Algérie : Chakib Khelil, un « conférencier comme un autre » ?
Deux semaines après que le Premier ministre a annoncé un non-lieu de la justice algérienne le concernant, l’ex-ministre de l’Énergie Chakib Khelil multiplie les interventions publiques.
« Ici pas de politique ». Le ton est donné dès l’entrée de l’Institut supérieur de gestion et de planification (ISGP), une école publique située à l’est d’Alger, où Chakib Khelil a animé une conférence sur le thème « Économie algérienne : perspective et prospective », samedi 25 novembre. Parmi le public, des universitaires, des étudiants de l’ISGP, quelques chefs d’entreprise et… un seul journaliste, dont l’accréditation n’a pas été simple à obtenir. L’ex-ministre de l’Énergie (1999-2010) et directeur de Sonatrach jusqu’en 2003, anciennement sous le coup d’un mandat d’arrêt international émis par la justice algérienne avant qu’il ne soit annulé pour vice de forme, cherche-t-il à éviter les questions indiscrètes ?
Il faut dire que l’intervention de l’ancien membre du gouvernement, cité dans plusieurs dossiers judiciaires, a eu lieu deux semaines seulement après les surprenantes déclarations du Premier ministre, Ahmed Ouyahia, à son égard. Sur le plateau de la chaîne privée, Dzaïr News, le secrétaire général du Rassemblement national démocratique (RND) a assuré que « la justice algérienne a prononcé un non-lieu sur l’affaire de Chakib Khelil ». Problème : le chef du gouvernement ne précise ni la date du jugement ni la Cour qui était chargée d’instruire le dossier.
Du côté des organisateurs de la conférence à l’ISGP, on veut couper court à la polémique. « Il n’a pas reçu de traitement de faveur. Toutes nos conférences sont fermées au public », se défend un administrateur à Jeune Afrique avant d’ajouter : « Chakib Khelil est un conférencier comme un autre ».
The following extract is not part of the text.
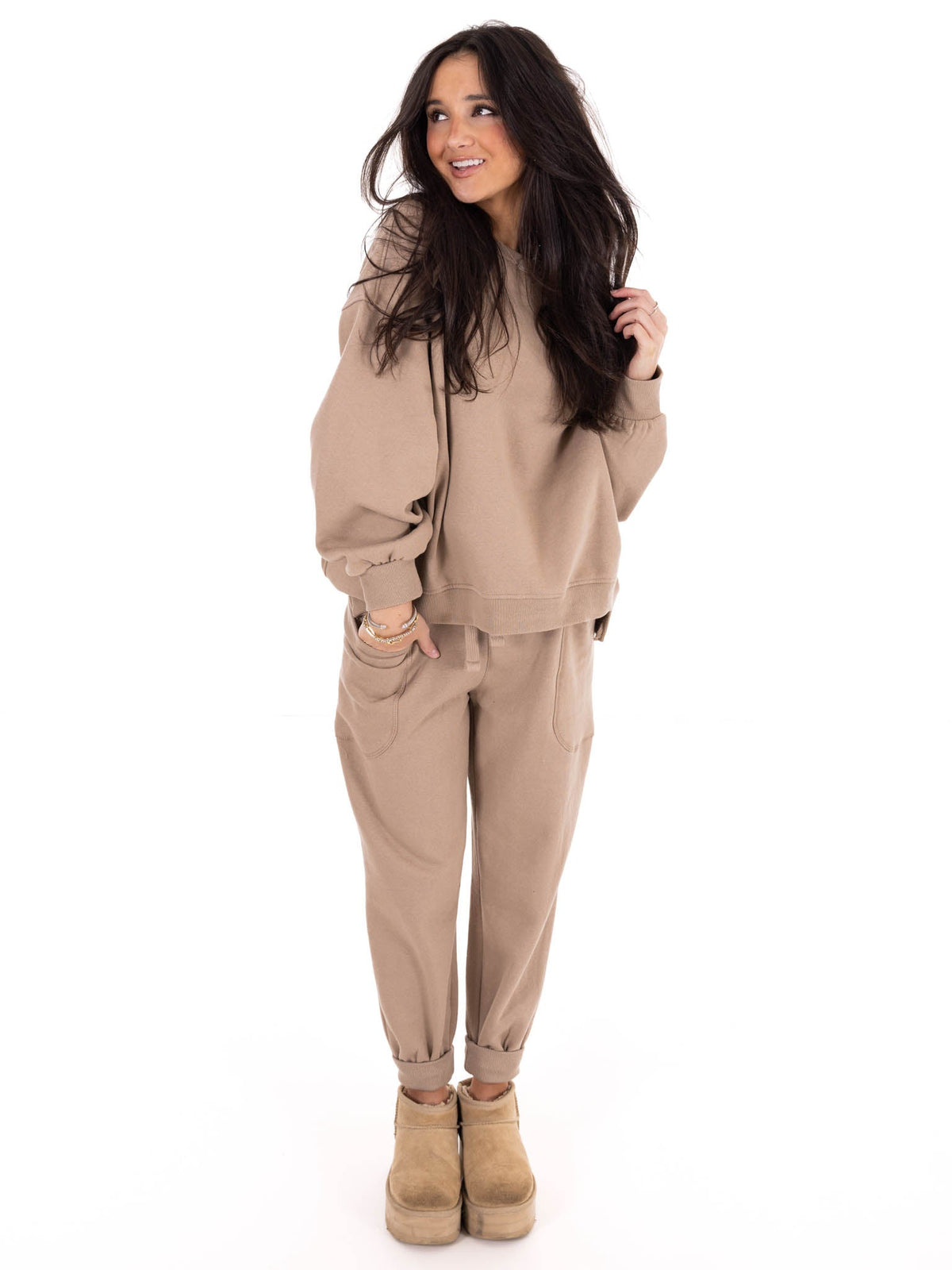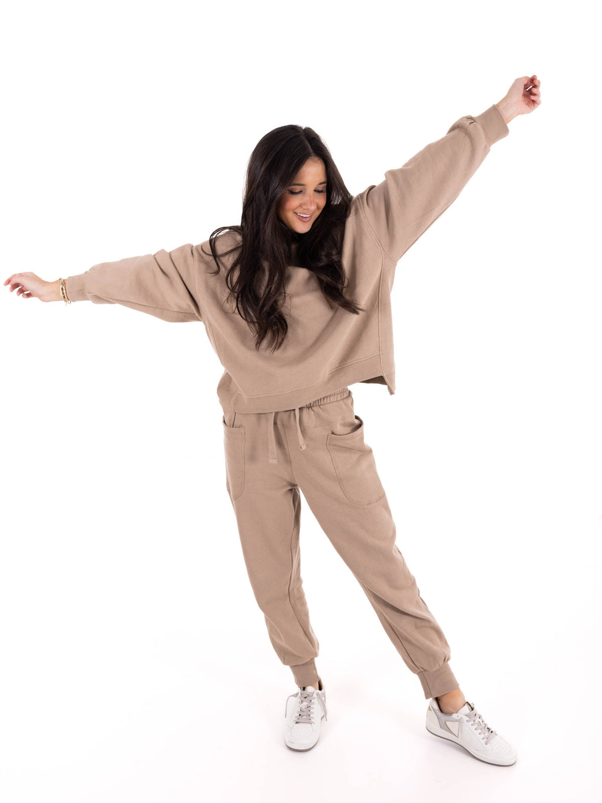 Complete your cozy look with our Back for You Jogger Pants. Designed with an elastic waistband and drawstrings, these joggers provide both comfort and style. Plus, the side pockets make them functional for everyday wear. Pair them with our Back for You Pullover for the ultimate lounge set!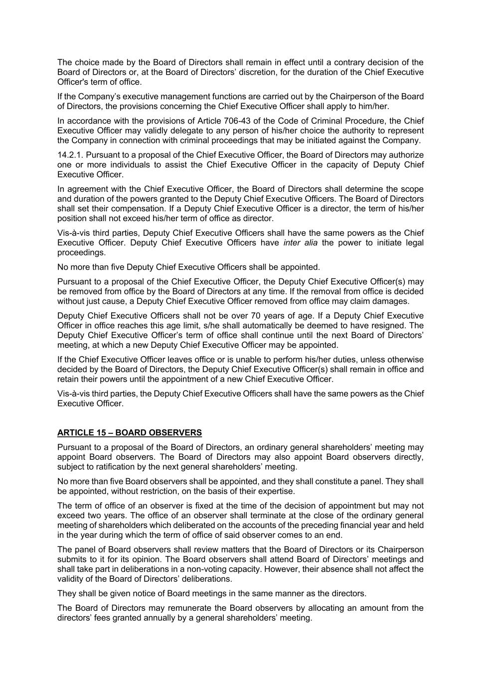 董事会作出的选择应一直有效,直至董事会作出相反的决定,或由董事会酌情决定,在首席执行官的任期内。公司执行管理职能由董事会主席履行的,有关首席执行官的规定适用于他/她。根据《刑事诉讼法典》第706-43条的规定,首席执行官可有效地向其选择的任何人授予在可能对公司提起的刑事诉讼中代表公司的权力。14.2.1.根据首席执行官的提议,董事会可授权一名或多名个人以副首席执行官的身份协助首席执行官。董事会应与首席执行官达成协议,确定授予副首席执行官的权力范围和期限。董事会应确定其薪酬。副首席执行官为董事的,其任职期限不超过其董事任期。相对于第三方,副首席执行官应拥有与首席执行官相同的权力。副首席执行官除其他外拥有提起法律诉讼的权力。聘任副首席执行官不超过五人。根据首席执行官的提议,副首席执行官可随时被董事会免职。如果无正当理由决定免职,被免职的副首席执行官可以要求赔偿损失。副首席执行官年龄不得超过70岁。如果在任的副首席执行官达到这一年龄限制,她/他将自动被视为已辞职。副首席执行官的任期应延续至下一次董事会会议,届时可任命新的副首席执行官。如首席执行官离任或无法履行职责,除非董事会另有决定,副首席执行官应继续留任并保留其权力,直至任命新的首席执行官。相对于第三方,副首席执行官应拥有与首席执行官相同的权力。第15条–董事会观察员根据董事会的提议,普通股东大会可以任命董事会观察员。董事会还可直接任命董事会观察员,但须经下一次股东大会批准。任命的董事会观察员不得超过五名,并组成一个小组。应根据他们的专长,不受限制地任命他们。观察员的任期在决定任命时确定,但不得超过两年。观察员职务自该观察员任期届满当年召开的审议上一财政年度决算的普通股东大会结束时终止。董事会观察员小组应对董事会或其主席提交其征求意见的事项进行审查。董事会观察员应当出席董事会会议,并以列席身份参加审议。但其缺席不影响董事会审议的有效性。应以与董事相同的方式向他们发出董事会会议通知。董事会可通过从股东大会每年授予的董事费用中拨出一笔款项,向董事会观察员支付报酬。

Nous ne sommes que des spectateurs de ce qui se trame, on ne peut rien faire pour l’en empêcher
Après un exposé d’une vingtaine de minutes, celui qui se présente aujourd’hui comme un expert international en énergie a échangé pendant près d’une heure avec ses auditeurs, répondant à des questions triées sur le volet. Chakib Khelil a notamment plaidé pour une réforme du système de subventions et l’introduction d’une nouvelle monnaie pour lutter contre le marché informel.
À la sortie, le malaise dans le public est palpable. Alors que l’ancien dirigeant algérien quitte l’Institut entouré de son équipe, en se pliant à une série de selfies, un groupe d’étudiants soupire : « Recevoir un haut fonctionnaire de l’État c’est un honneur, mais recevoir Chakib Khelil c’est problématique ». Un peu plus loin, une cadre dans un bureau d’études s’étonne : « Il a parlé de corruption qui mine l’économie algérienne alors que lui-même est mis en cause. Ce n’est pas crédible ».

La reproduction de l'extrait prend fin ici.